Maggie stopped. What the heck would make Jake McCall come all this way to take her to Mustang Ridge for some tests?
There was only one thing.
Sunny.
She reached across the seat and gripped on to his jacket, wadding up the fabric in her fists. “What’s wrong? What happened to my niece?”
Maggie would have added more questions, but the sound of the sirens stopped her cold. It wasn’t a sound she heard often in Coopersville.
The sirens didn’t stop Jake, however. He threw the truck into gear.
“Put your seat belt on,” Jake growled.
And that was the only warning Maggie got before Jake gunned the engine, and the truck barreled out of the parking lot.
Chapter Three
Jake tried not to react to the sirens wailing behind him.

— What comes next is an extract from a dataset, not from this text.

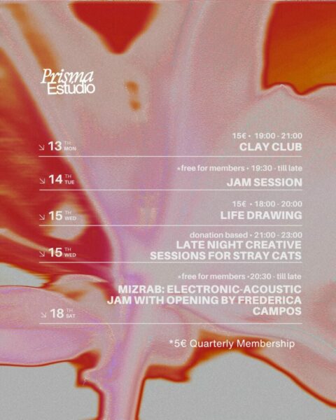 | 13/04/26 | MON | 19:00 – 21:00 | Clay Club | Workshop | 15€ |

And he reminded himself that the local cops probably wouldn’t be after him yet.
Probably.
But even if they were, he still had to get Maggie out of there.
“You’ve lost your mind,” Maggie concluded.
She put on her seat belt as he’d ordered, though Jake wasn’t sure how she managed it with her hands shaking that hard. She was chewing on her bottom lip, too, and there wasn’t much color in her face.
He hadn’t wanted to scare her.
Okay, maybe he had.
Fear was better than other things she could have chosen to do.
Like fight back.
Maggie had once been an Amarillo city cop with a good aim and a kick-butt attitude, and Jake had been surprised when she hadn’t pulled a gun on him and tried to defend herself. But no. She’d confused things even more by going with him and poking fun at the fact that this could have been her last few moments on earth.
S
he pushed her dark blond hair from her face, looked over her shoulder and no doubt saw the Coopersville police cruiser behind them. Not close.
And it wasn’t exactly following them.
The cruiser pulled into the parking lot of the diner, and Jake kept going. He had to get out of there before the local sheriff realized that Maggie was gone.
“Are you planning to let me in on what’s going on?” Maggie asked.
Not really. But he needed her cooperation and that meant he had to tell her at least some of the truth. It was a gamble, but Jake was feeling a little better about his chances since Maggie had already asked about Sunny. Maybe that meant she hadn’t written off her niece.
Maybe that also meant she’d help with Jake’s plan.
“Should I be screaming and trying to flag down Sheriff Myers?” she pushed.
Oh, yeah. She probably should, but Jake kept that to himself. “I hacked into the Justice Department database to find you.”
“What?” She made a sound of pure outrage. “Why would you do something stupid like that? You know what could happen to me.”
She stopped.
“Oh, I get it.” Maggie huffed. “This is some kind of death by proxy thing. You lead one of Tanner’s goons to me so he can kill me. Yeah, you’ll lose your badge for hacking into the database. Maybe even spend some time in jail or on probation. But you’ll have your McCall justice, and I’ll be dead.”
None of that was true. But he was glad Chet hadn’t thought of it. Jake didn’t think even his father would stoop that low, but with Chet, you never knew.
Jake turned onto a back road before he continued. “Sunny’s sick.”
Maggie froze and studied him a moment. “What’s wrong with her?” Her voice was tentative. As if she didn’t want to hear the answer.
Jake had practiced this part so it would sound sterile. “Aplastic anemia. Her bone marrow isn’t producing enough new cells to keep her alive.”
“Oh, God.” And Maggie repeated it until it strung together like one syllable.
Jake gave her some time to try to absorb that. He wished her luck with it. He’d had several months now and was still trying to absorb it. It didn’t make sense that his baby girl would have to fight for her life this way.